By Harold Goldberg
It’s a deep flaw game writers have and it’s a flaw that I have, too. Game journalists don’t really take the time to write about books, certainly not nearly enough. Sure, occasionally a non-fiction tome will incite lemmings in search of hits to outdo each other with praise. But when it comes to fiction with a game plot or literary subplot, critics generally avoid it (unless it’s “Ready Player One”). To them, it’s not even worthy of a roundup.
A book of poetry about cancer from one of the team members at Rockstar Games? No one’s going to touch that, right? Yet you should read it because “The Doctor Series” by Sean Flaherty is a searing, touching document about what it’s like to have cancer and live the best life you can as you look toward dying.

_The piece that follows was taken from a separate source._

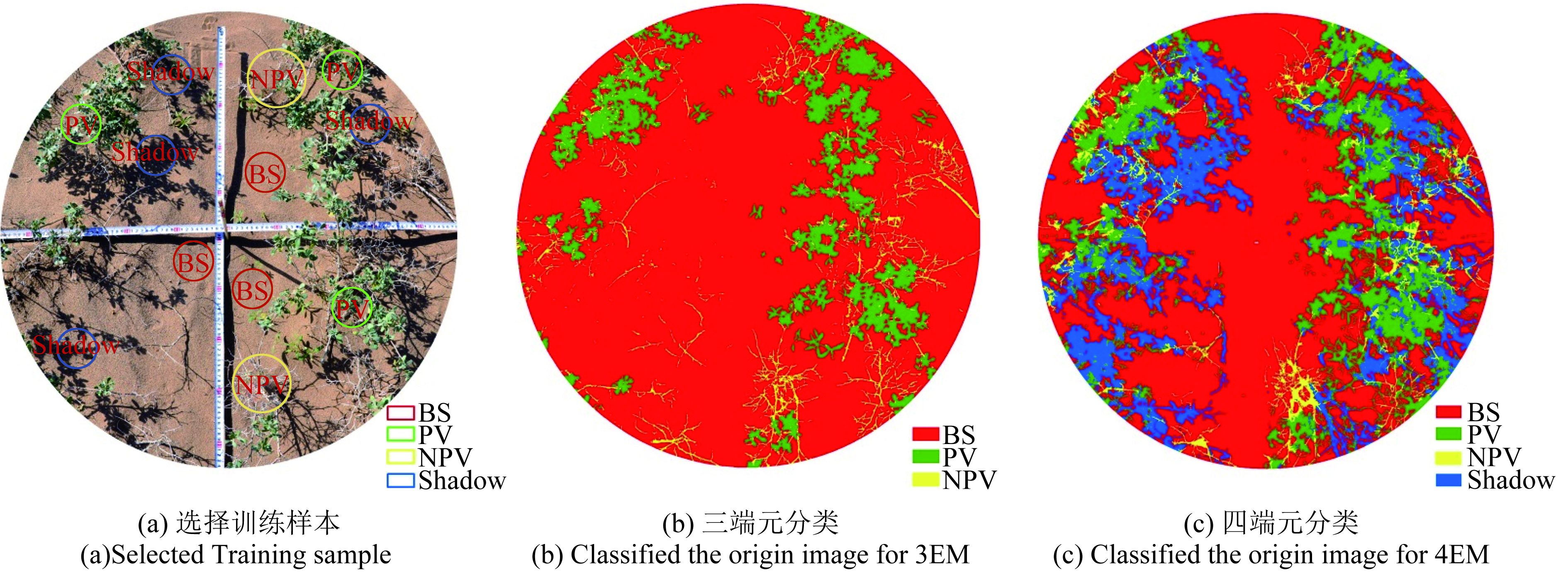 在研究区域内,采用数码相机拍照,每个样地重复拍照两次,获取每组混合光谱数据对应像片上地面覆盖度信息(图2)。图2(a)中两个交叉的卷尺用来标志ABS传感器在数字图像中视场角(FOV),对获取RGB照片,采集训练样本,采用ENVI 5.3中监督分类中的神经网络(NNC)分类算法对数字影像进行分类(Mishra和Crews,2014),分出PV-NPV-BS(3EM)端元(图2(b)),图2(c)中将阴影考虑在内,PV-NPV-BS-Shadow(4EM)不同端元给出不同的颜色(绿色为PV,蓝色为Shadows,红色为BS,黄色为NPV),对分类结果经过目视解译,判定分类结果精度,通过不同地类的像元数量统计出各地类的丰度,每一样地两次获取端元丰度取平均值作为该样地各端元最终丰度。

At times, it’s a difficult book to read, this series of poems which was written in eight days, two weeks before the author’s death. But like a Rockstar game, there’s humor here, and incisive, concise comments about our gritty human condition, too. These 96 prose poems begin with the realization that death may be near. The words, sometimes depressing because they’re so real, keep you intrigued because Flaherty not only has a keen eye for the smallest detail. It’s in these details that he explains and confronts his flaws, his guilt, his fear, his love, his end. The words are not just his voice; they’re his personality, his spirit, his very person.

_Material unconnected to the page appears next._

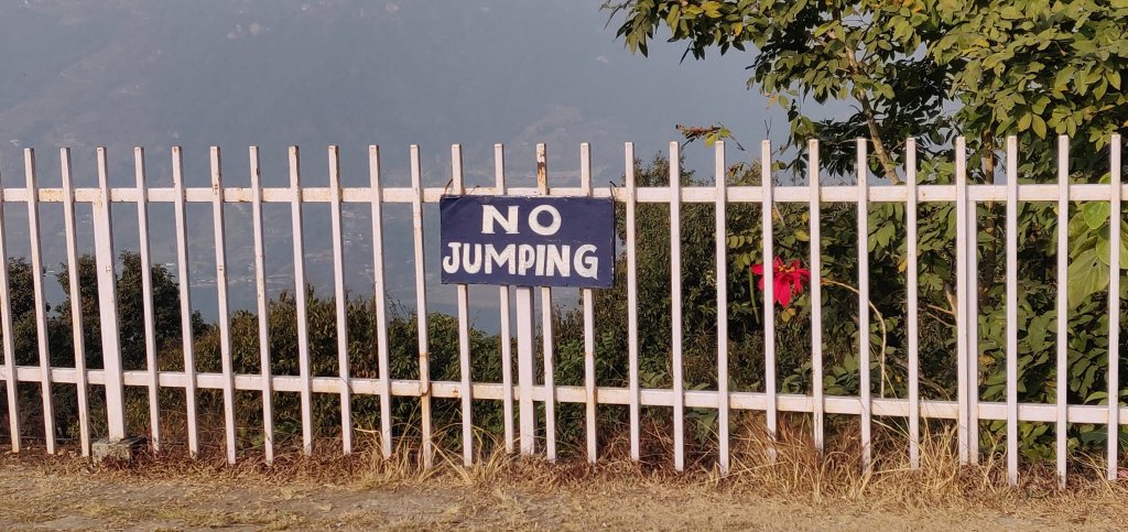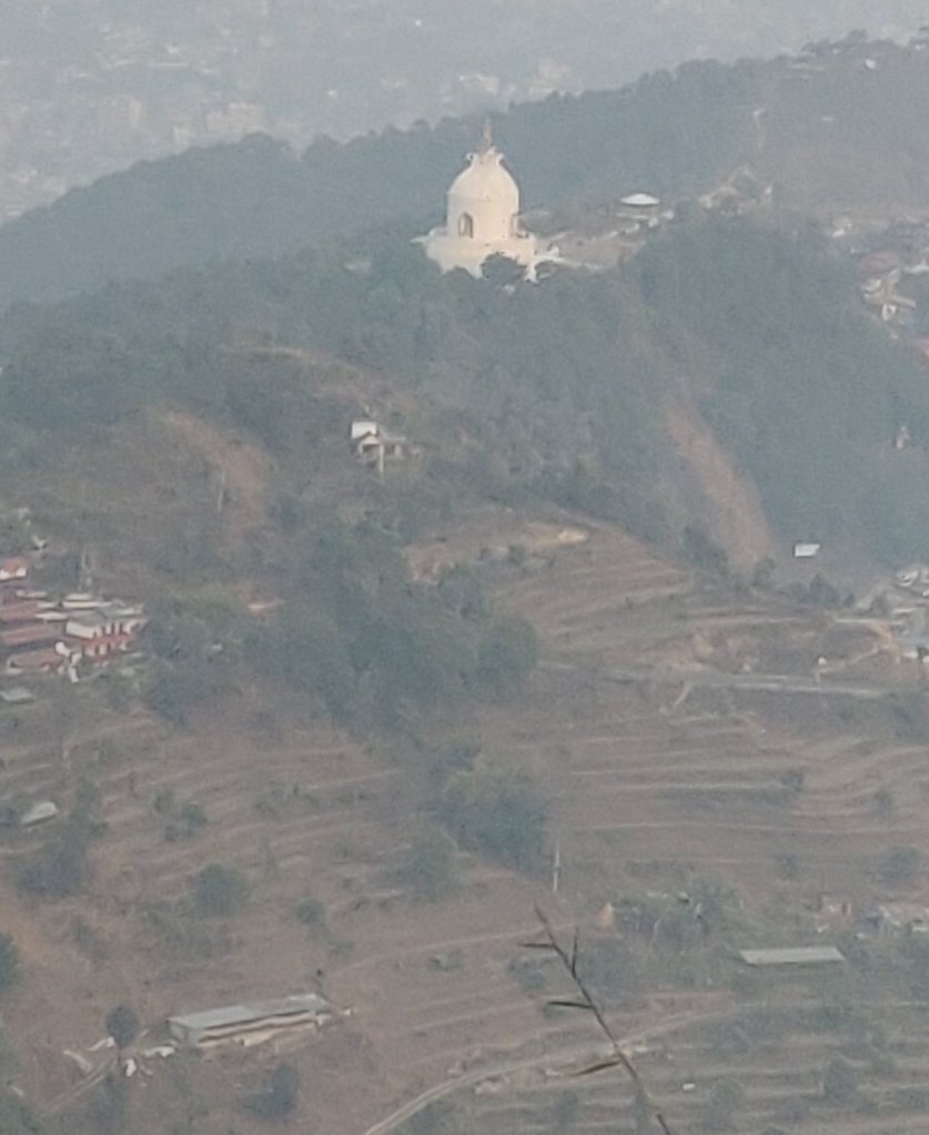The pagoda is actually a Buddhist Stupa. We walked around it and looked at Pokhara far below. I’m a tad concerned about the habits of the visitors if they need to put this sign up! Theres a sheer drop of some hundred feet the other side!

Pop culture resonates throughout. Here, the doctor is like James Bond. There, Flaherty is like an action hero or feels like he’s in a horror film. Elsewhere, he runs like a panicked superhero once told his days are numbered; he wants to fit a life, all of life, into the next few moments,
“racing past
signs,
past windows filled with
life,
want, want, want, want,
I want, I want
to eat
everything,
to steal all the jewelry,
I want to have sex
with everyone I see,
smashing through the glass:
action hero
fireworks.”
Midway through, that changes. A friend takes the poet out for what the friend must think will be last, memorable night of wildness. There’s cocaine. There’s prostitutes. Flaherty doesn’t want to even be touched by a woman he doesn’t know. It doesn’t make sense to waste his energy in that way. There’s a sadness here, but a heroism, too, a quiet, steady-headed rebellion that turns away from temporary highs.

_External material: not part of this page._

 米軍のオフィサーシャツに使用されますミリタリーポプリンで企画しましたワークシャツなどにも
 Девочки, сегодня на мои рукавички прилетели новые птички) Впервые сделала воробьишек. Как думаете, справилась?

The way Flaherty describes his battle with cancer drugs can be gut-tightening. Often, one word will take up a full line, like the very way he communicates will end soon, so each word deserves its own moment in the limelight. There’s vomiting, crapping, tumors, and the out-of-your mind free form, free floating from a mix of pain drugs and pot. He uses metaphors from movies and high action verbs to describe the mess in his mind and in his world. The news of politics, murder and religion don’t appear much in his verse. They’re too temporal.
Flaherty talks about those closest to him, how he’s frightened to leave them, how he’s almost a ghost now. Then, there’s yearning loneliness of dying when a doctor or a nurse never says the right thing. But in a way, how could they? Cancer is ultimately something you have to sort out for yourself. The nuclear family can help. Maybe your parents. But you’re mainly in it with your thoughts, and when those thoughts concentrate on the smallest happiness like a hot bath, the reader feels moved. It’s through his poetry that Flaherty tries to figure out the infinite depths of mortality. While death ultimately succeeds, the real triumph is what’s left behind, what’s left for others to pore over – so they, too, can understand, so they can commiserate, and so they can still love, well, something that has little to do with another human being.